Instruction for the entries that follow: retype exactly the lines from the line with "在中国共产党百年华诞即将到来" to the line with "Okify YSL Niki", both included, and omit all others.

* Data listing *
———

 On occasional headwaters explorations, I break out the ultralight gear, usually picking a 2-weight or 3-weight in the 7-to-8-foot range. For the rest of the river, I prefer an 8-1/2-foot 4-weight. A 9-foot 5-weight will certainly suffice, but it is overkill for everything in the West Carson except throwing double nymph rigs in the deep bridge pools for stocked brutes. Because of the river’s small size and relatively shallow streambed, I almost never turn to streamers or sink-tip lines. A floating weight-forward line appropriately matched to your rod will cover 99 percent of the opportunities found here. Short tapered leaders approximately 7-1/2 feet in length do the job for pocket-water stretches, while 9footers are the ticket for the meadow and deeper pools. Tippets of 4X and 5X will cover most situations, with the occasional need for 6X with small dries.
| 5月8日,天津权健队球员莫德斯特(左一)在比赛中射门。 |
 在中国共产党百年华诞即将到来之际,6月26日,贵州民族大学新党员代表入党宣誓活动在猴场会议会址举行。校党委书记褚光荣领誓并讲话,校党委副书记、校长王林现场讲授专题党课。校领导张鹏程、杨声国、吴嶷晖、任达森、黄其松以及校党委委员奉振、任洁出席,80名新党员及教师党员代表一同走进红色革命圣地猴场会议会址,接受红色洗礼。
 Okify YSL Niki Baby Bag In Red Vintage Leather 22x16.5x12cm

———

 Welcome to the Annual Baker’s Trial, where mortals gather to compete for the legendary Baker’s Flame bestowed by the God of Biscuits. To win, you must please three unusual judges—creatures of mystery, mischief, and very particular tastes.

———

* Response below *
 在中国共产党百年华诞即将到来之际,6月26日,贵州民族大学新党员代表入党宣誓活动在猴场会议会址举行。校党委书记褚光荣领誓并讲话,校党委副书记、校长王林现场讲授专题党课。校领导张鹏程、杨声国、吴嶷晖、任达森、黄其松以及校党委委员奉振、任洁出席,80名新党员及教师党员代表一同走进红色革命圣地猴场会议会址,接受红色洗礼。
 Okify YSL Niki Baby Bag In Red Vintage Leather 22x16.5x12cm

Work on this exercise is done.